_Material to process_.

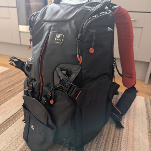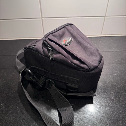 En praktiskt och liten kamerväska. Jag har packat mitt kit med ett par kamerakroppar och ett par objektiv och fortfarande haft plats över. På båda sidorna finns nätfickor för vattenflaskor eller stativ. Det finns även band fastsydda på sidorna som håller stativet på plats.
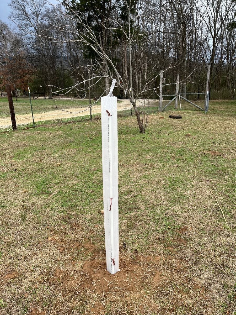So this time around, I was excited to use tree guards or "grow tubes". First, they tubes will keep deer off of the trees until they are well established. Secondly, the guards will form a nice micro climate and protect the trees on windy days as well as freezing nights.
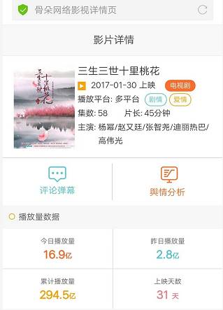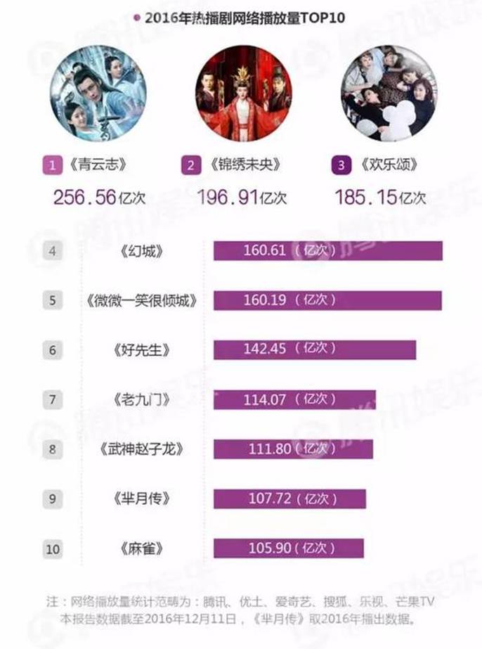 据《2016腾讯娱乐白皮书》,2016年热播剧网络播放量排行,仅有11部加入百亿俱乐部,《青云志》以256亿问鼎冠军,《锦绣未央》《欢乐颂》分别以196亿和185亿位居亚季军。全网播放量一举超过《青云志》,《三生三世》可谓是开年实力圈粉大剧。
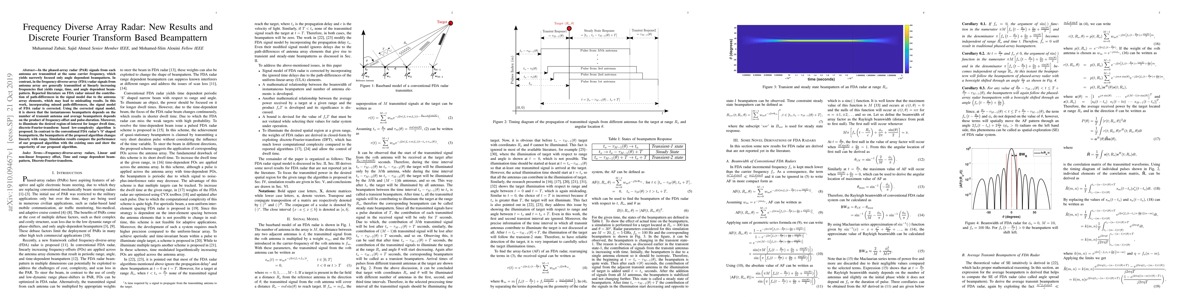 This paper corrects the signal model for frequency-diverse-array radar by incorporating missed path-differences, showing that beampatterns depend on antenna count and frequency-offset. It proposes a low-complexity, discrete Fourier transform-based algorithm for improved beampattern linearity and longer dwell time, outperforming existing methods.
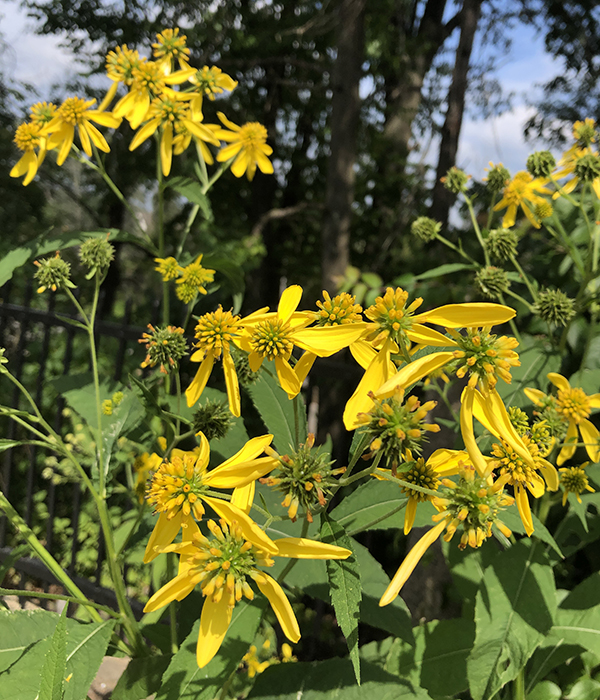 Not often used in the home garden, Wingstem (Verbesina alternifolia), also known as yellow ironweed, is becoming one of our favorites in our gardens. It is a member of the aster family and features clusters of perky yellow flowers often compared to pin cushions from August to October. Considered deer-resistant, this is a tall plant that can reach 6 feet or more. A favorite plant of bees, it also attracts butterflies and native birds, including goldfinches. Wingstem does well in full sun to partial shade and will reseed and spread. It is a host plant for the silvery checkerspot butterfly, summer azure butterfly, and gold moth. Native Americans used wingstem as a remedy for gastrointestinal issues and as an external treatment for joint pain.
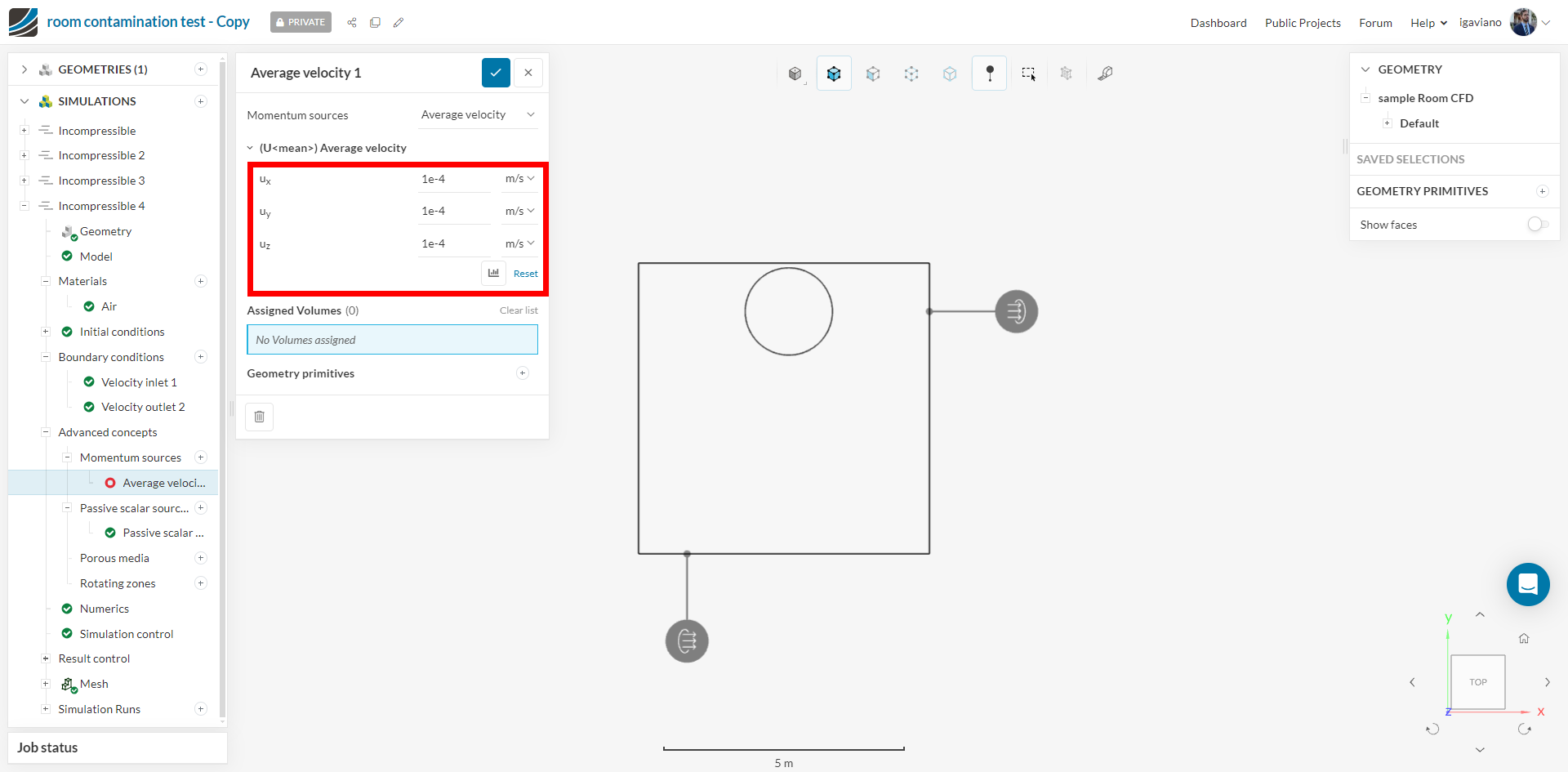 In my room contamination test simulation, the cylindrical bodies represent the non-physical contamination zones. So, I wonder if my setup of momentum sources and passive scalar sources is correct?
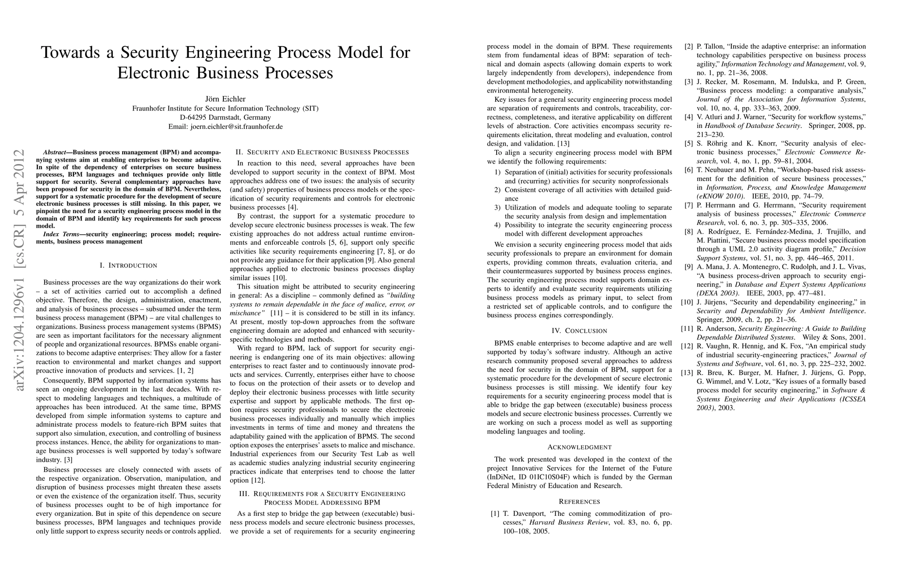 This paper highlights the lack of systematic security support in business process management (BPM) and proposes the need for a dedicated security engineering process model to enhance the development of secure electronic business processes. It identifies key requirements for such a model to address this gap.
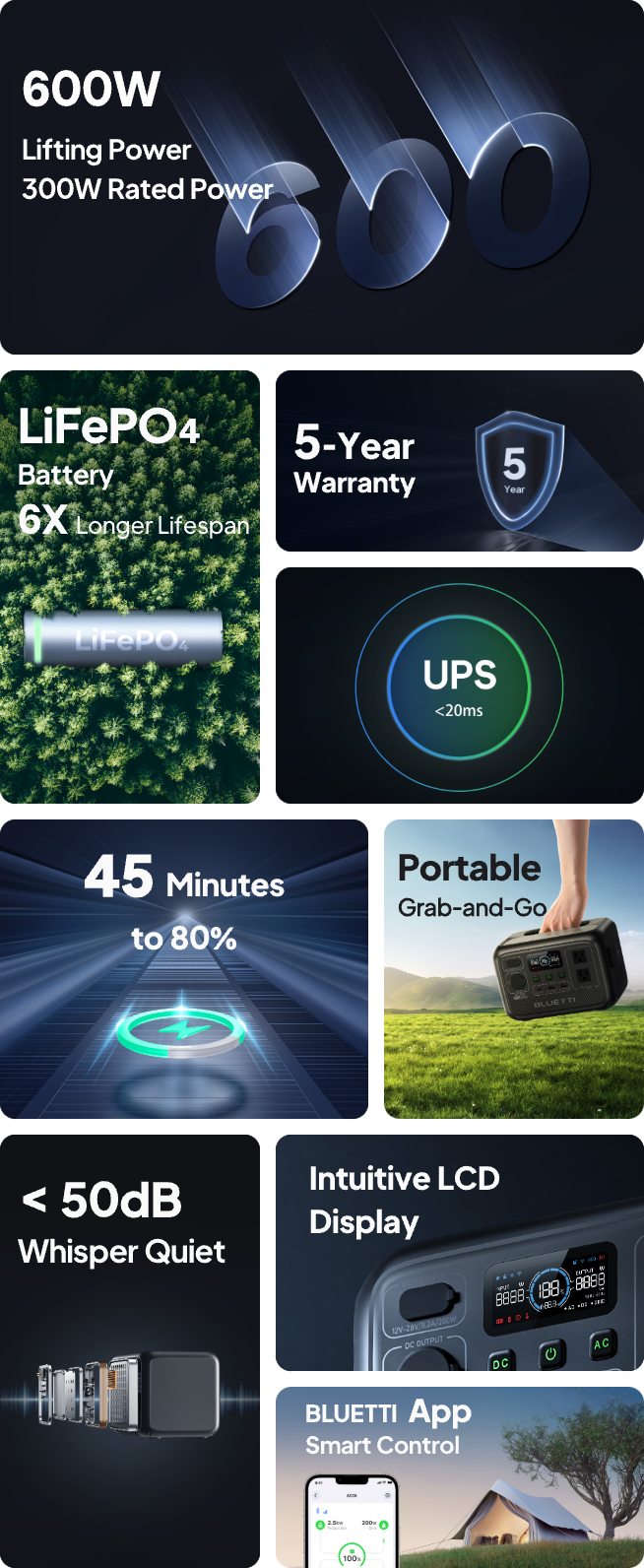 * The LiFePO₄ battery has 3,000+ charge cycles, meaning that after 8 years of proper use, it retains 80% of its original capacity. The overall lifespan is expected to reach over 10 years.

_Exercise aim_. Without any picture, return exactly the lines of the records above from the first through the line that contains "This paper corrects".

_Solution_.
 En praktiskt och liten kamerväska. Jag har packat mitt kit med ett par kamerakroppar och ett par objektiv och fortfarande haft plats över. På båda sidorna finns nätfickor för vattenflaskor eller stativ. Det finns även band fastsydda på sidorna som håller stativet på plats.
So this time around, I was excited to use tree guards or "grow tubes". First, they tubes will keep deer off of the trees until they are well established. Secondly, the guards will form a nice micro climate and protect the trees on windy days as well as freezing nights.
 据《2016腾讯娱乐白皮书》,2016年热播剧网络播放量排行,仅有11部加入百亿俱乐部,《青云志》以256亿问鼎冠军,《锦绣未央》《欢乐颂》分别以196亿和185亿位居亚季军。全网播放量一举超过《青云志》,《三生三世》可谓是开年实力圈粉大剧。
 This paper corrects the signal model for frequency-diverse-array radar by incorporating missed path-differences, showing that beampatterns depend on antenna count and frequency-offset. It proposes a low-complexity, discrete Fourier transform-based algorithm for improved beampattern linearity and longer dwell time, outperforming existing methods.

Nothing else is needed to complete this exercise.